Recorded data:
★ ★ ★

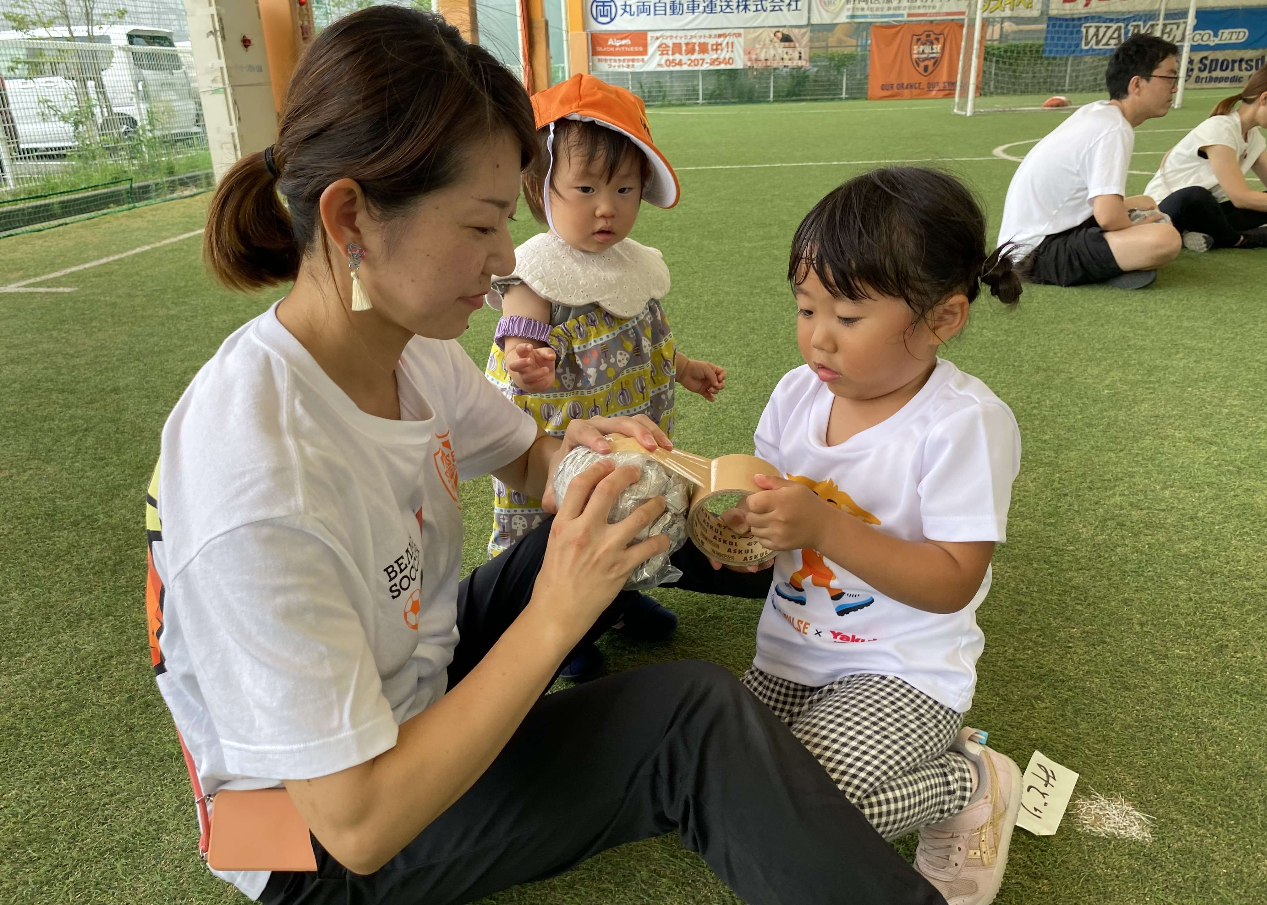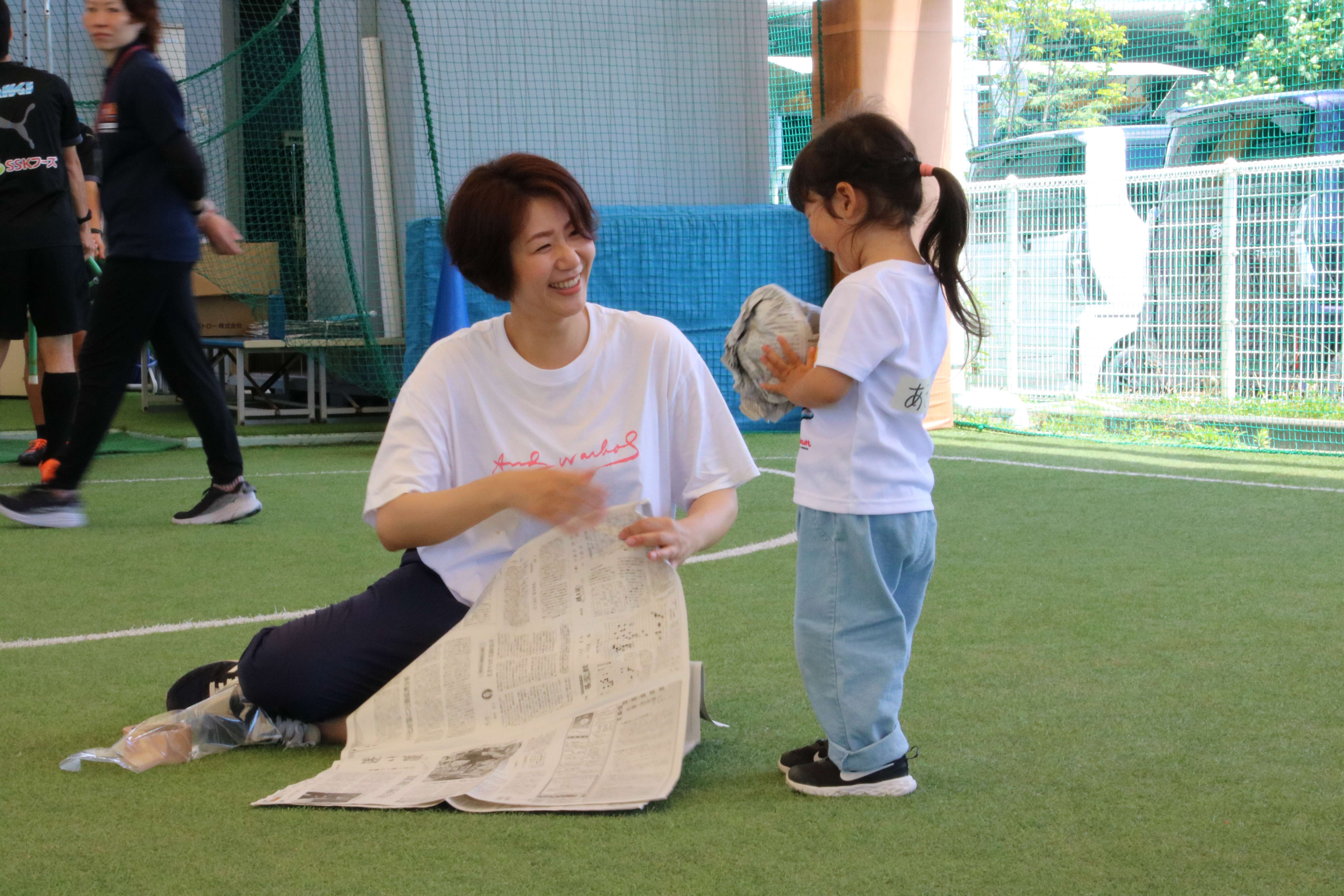 親子で新聞紙を丸めてサッカーボール作りにチャレンジします。手先を使ってモノを作る「工作」は子どもの成長には欠かせない重要な要素の1つとなります。工作を取り入れることで子供たちの好奇心に刺激を与え、集中力を高めます。
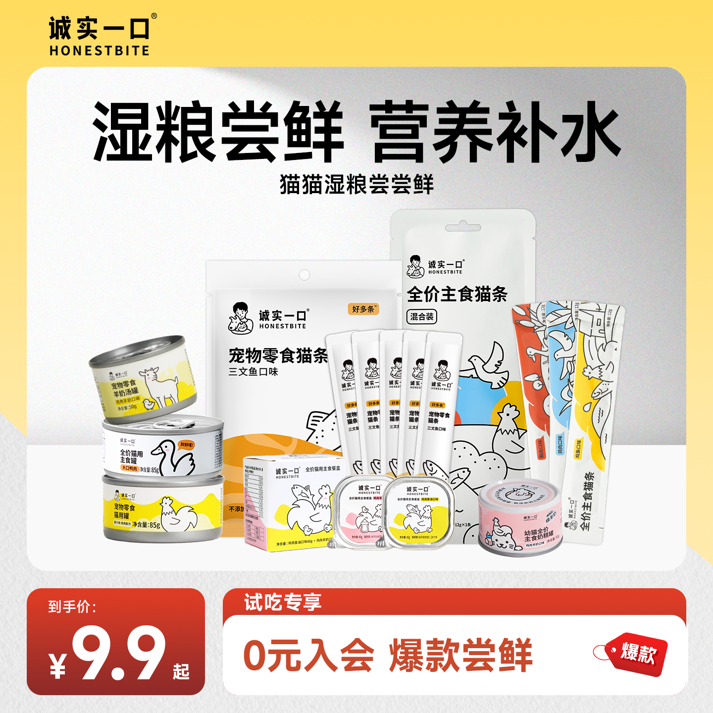 推荐:【湿粮尝鲜】诚实一口猫零食试吃猫咪补水湿粮主食猫条猫罐头餐盒
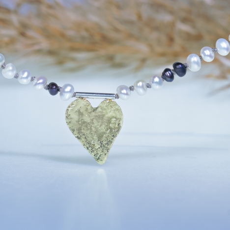 Černo-bílý perlový náhrdelník se zlatým srdcem
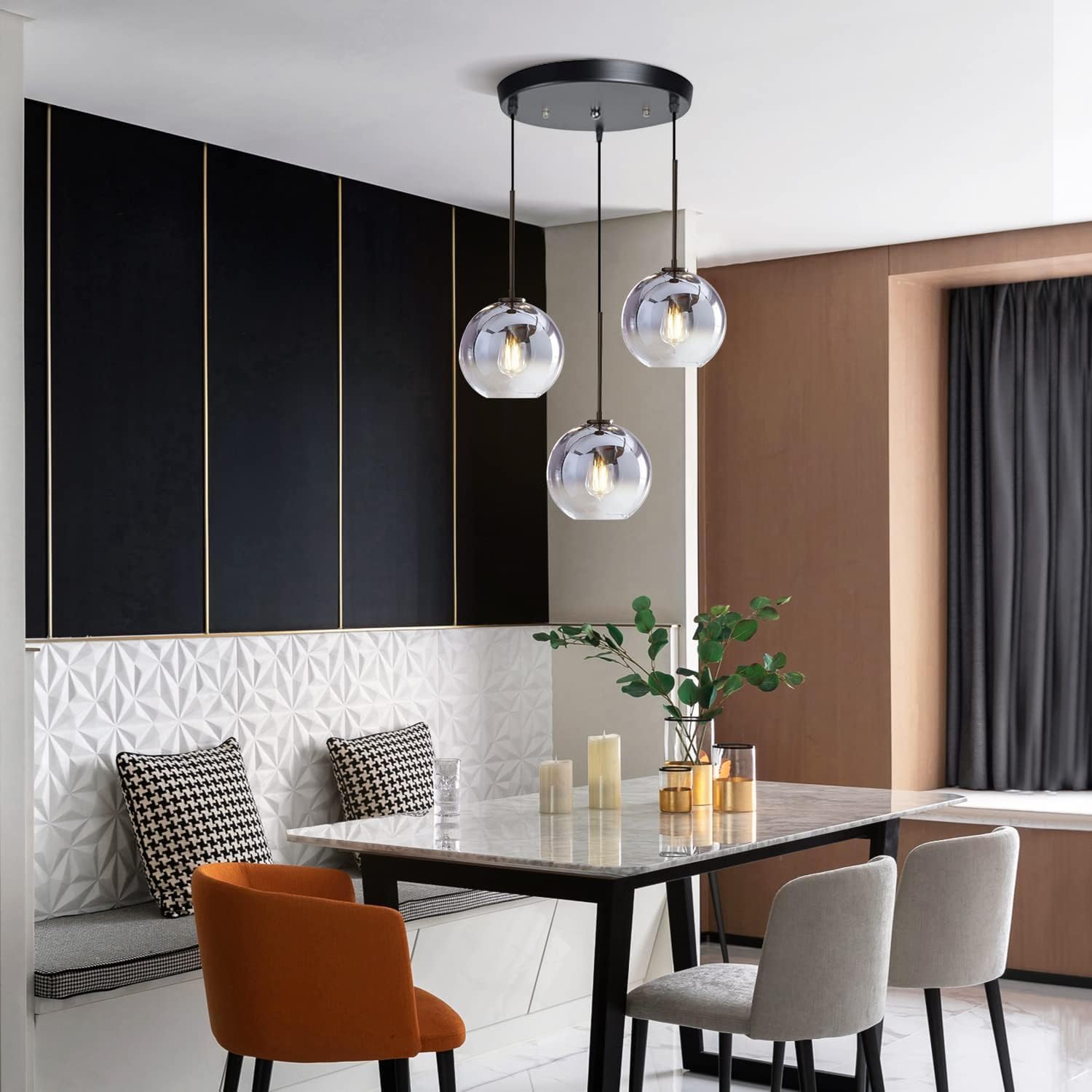 - Widely Used and Charming Decoration: The 3 light globe chandelier cluster pendant light is suitable for bedroom, dining room, living room, study room, bathroom, bookcase, laundry room, study room, meeting room, entrance, corridor, stairwell, balcony, porch, gazebo, balcony, passageway, etc, and kitchen pendant lighting over island black is also ideal for commercial areas, such as bar, coffee hall, office, hotel and restaurant
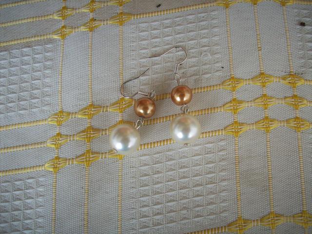 Apatinis karoliukas baltos, gelsvos spalvos. Antras aukso spalvos. Karoliukai suverti ant atskirų adatėlių. Auskarų ilgis 4,7cm.
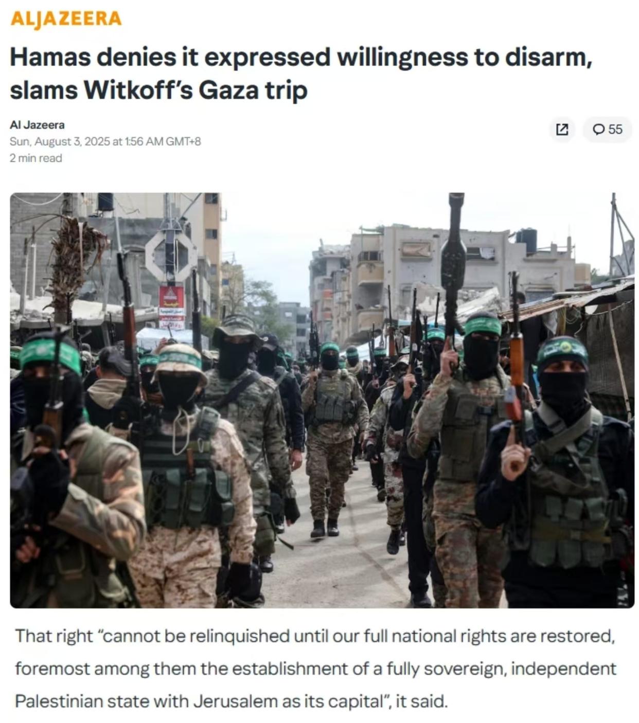 当地时间8月2日,巴勒斯坦伊斯兰抵抗运动(哈马斯)发表声明,回应美国中东问题特使威特科夫称哈马斯已“准备好解除武装”的言论。声明说,哈马斯不会解除武装,直至建立一个独立的拥有完全主权的巴勒斯坦国。
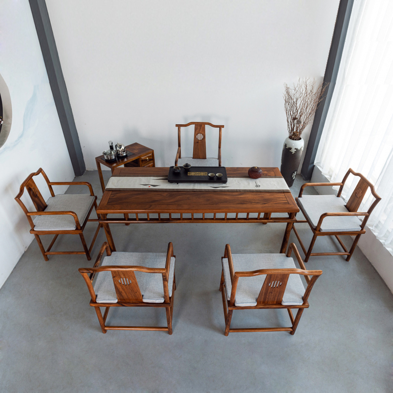 Building tea table household new Chinese kung fu tea table and chair combined solid wood tea table minimalist modern tea table Zen
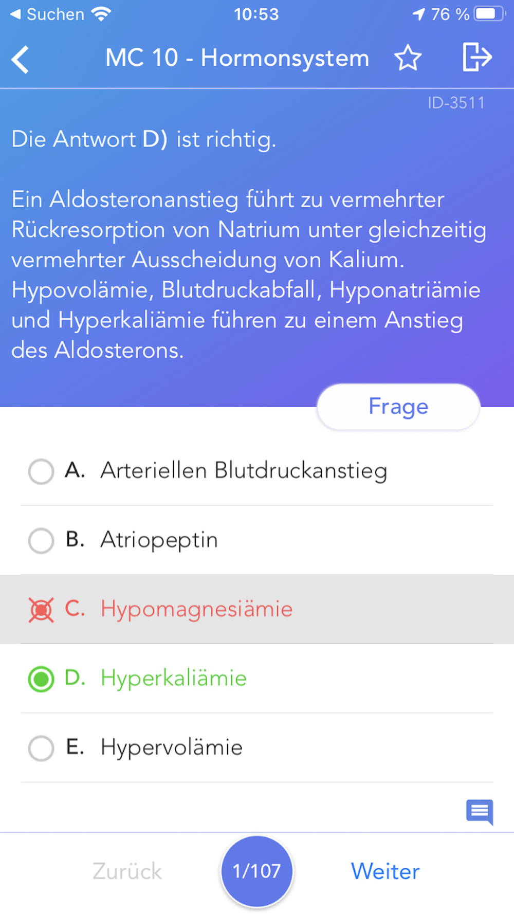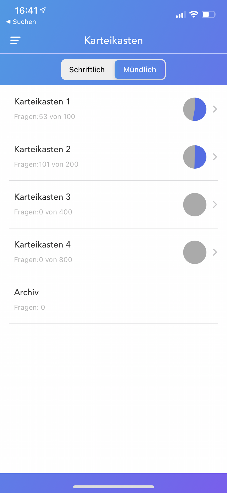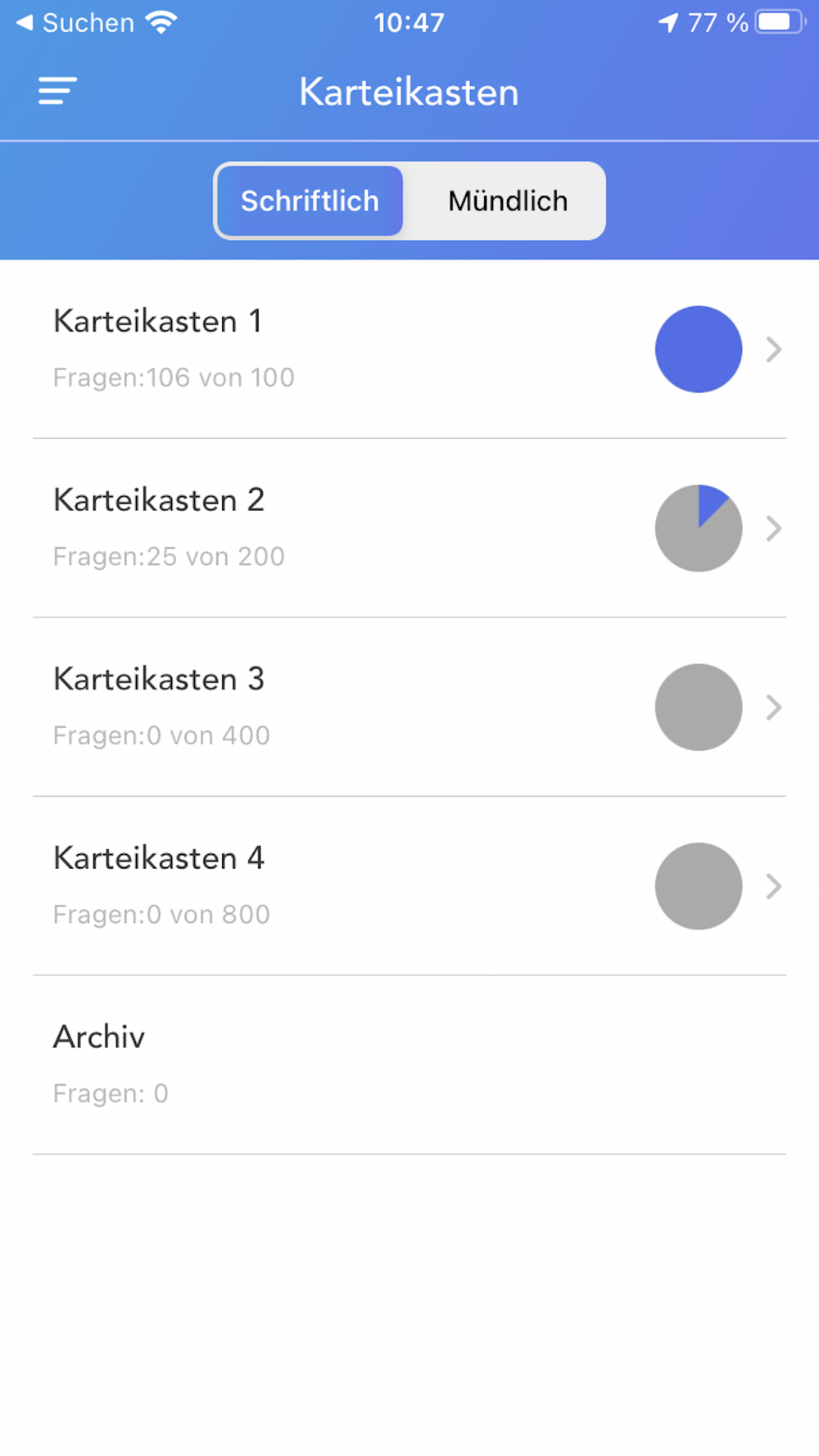 Der integrierte Karteikasten sammelt für Sie alle falsch beantworteten Fragen.

★ ★ ★

Prompt: Please transcribe exactly the lines from the one that contains "当地时间8月2日,巴勒斯坦伊" through the closing line of the entries, with no pictures.

Exercise response:
 当地时间8月2日,巴勒斯坦伊斯兰抵抗运动(哈马斯)发表声明,回应美国中东问题特使威特科夫称哈马斯已“准备好解除武装”的言论。声明说,哈马斯不会解除武装,直至建立一个独立的拥有完全主权的巴勒斯坦国。
 Building tea table household new Chinese kung fu tea table and chair combined solid wood tea table minimalist modern tea table Zen
 Der integrierte Karteikasten sammelt für Sie alle falsch beantworteten Fragen.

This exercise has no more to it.